Diaz v Rotavele El., Inc.
2026 NY Slip Op 03115
May 19, 2026
Appellate Division, First Department
Published by New York State Law Reporting Bureau pursuant to Judiciary Law § 431.
This decision is uncorrected and subject to revision before publication in the Official Reports.
Chanel Diaz, Plaintiff-Respondent,
v
Rotavele Elevator, Inc., Defendant-Respondent, Mayore Estates LLC, Defendant-Appellant.
Decided and Entered: May 19, 2026
Index No. 157664/20|Appeal No. 6652|Case No. 2025-03132|
Before: Moulton, J.P., Scarpulla, Kapnick, Shulman, Michael, JJ.
Kahana & Feld LLP, New York (Christina Pingaro of counsel), for appellant.
Heidell, Pittoni, Murphy & Bach, LLP, New York (Michele Rosenblatt of counsel), for Rotavele Elevator, Inc., respondent.
Order, Supreme Court, New York County (Shlomo S. Hagler, J.), entered April 11, 2025, which, to the extent appealed from as limited by the briefs, denied the motion of defendant Mayore Estates LLC for summary judgment on its cross-claim for contractual indemnification against defendant Rotavele Elevator, Inc., unanimously reversed, on the law, without costs, and the motion granted to the extent of awarding conditional contractual indemnification to Mayore.
Plaintiff alleges that she tripped and fell on August 27, 2019, as a result of a misleveled elevator.
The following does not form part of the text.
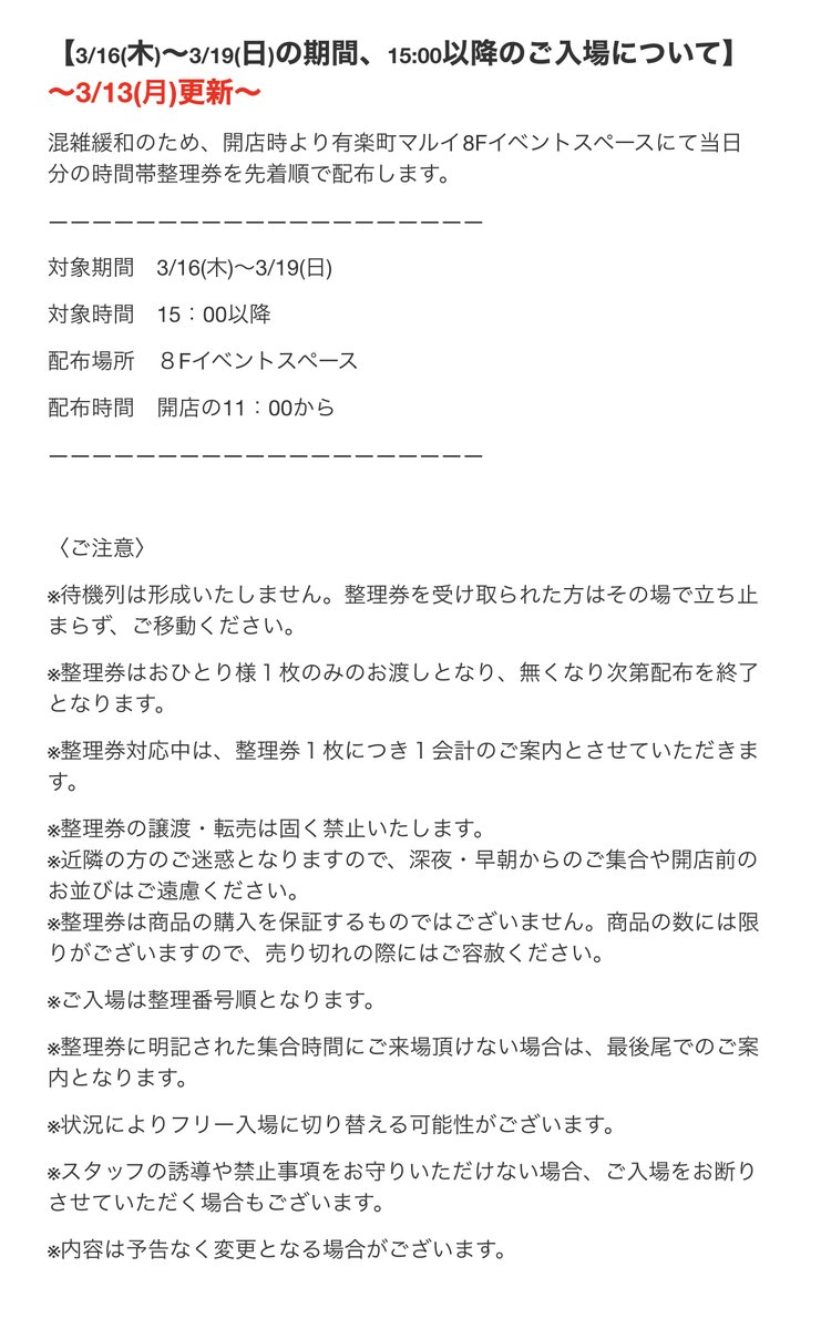 事前予約入場の4日間は、開店時より8Fイベントスペースにて15:00以降の入場整理券を配布いたします。

Mayore, the building owner, established that plaintiff's claim arose out of Rotavele's work, and thus the indemnification provision in Mayore's service agreement with Rotavele was triggered (see Antoniak v P.S. Marcato El. Co., Inc., 144 AD3d 407, 408 [1st Dept 2016]). The agreement obligated Rotavele to maintain the elevator and indemnify Mayore against any liability claims arising out of the performance of the agreement. Testimony from Mayore's property manager and Rotavele's vice president established that Rotavele performed work on the elevators in May 2019 and that no one other than Rotavele serviced the elevators. Further, Rotavele's maintenance logs show that Rotavele attempted to correct a misleveling issue of the elevator on May 7, 2019. The court should have considered the maintenance logs, which Mayore submitted in reply, because Rotavele never objected to them and, in fact, argued for their admissibility in supplemental briefing (see Strongbow Consulting Group LLC v PricewaterhouseCoopers LLP, 195 AD3d 532, 532 [1st Dept 2021], lv dismissed and lv denied 38 NY3d 997 [2022]). In opposition, Rotavele failed to raise an issue of fact, offering no evidence that the misleveling was caused by anything outside the scope of its duties.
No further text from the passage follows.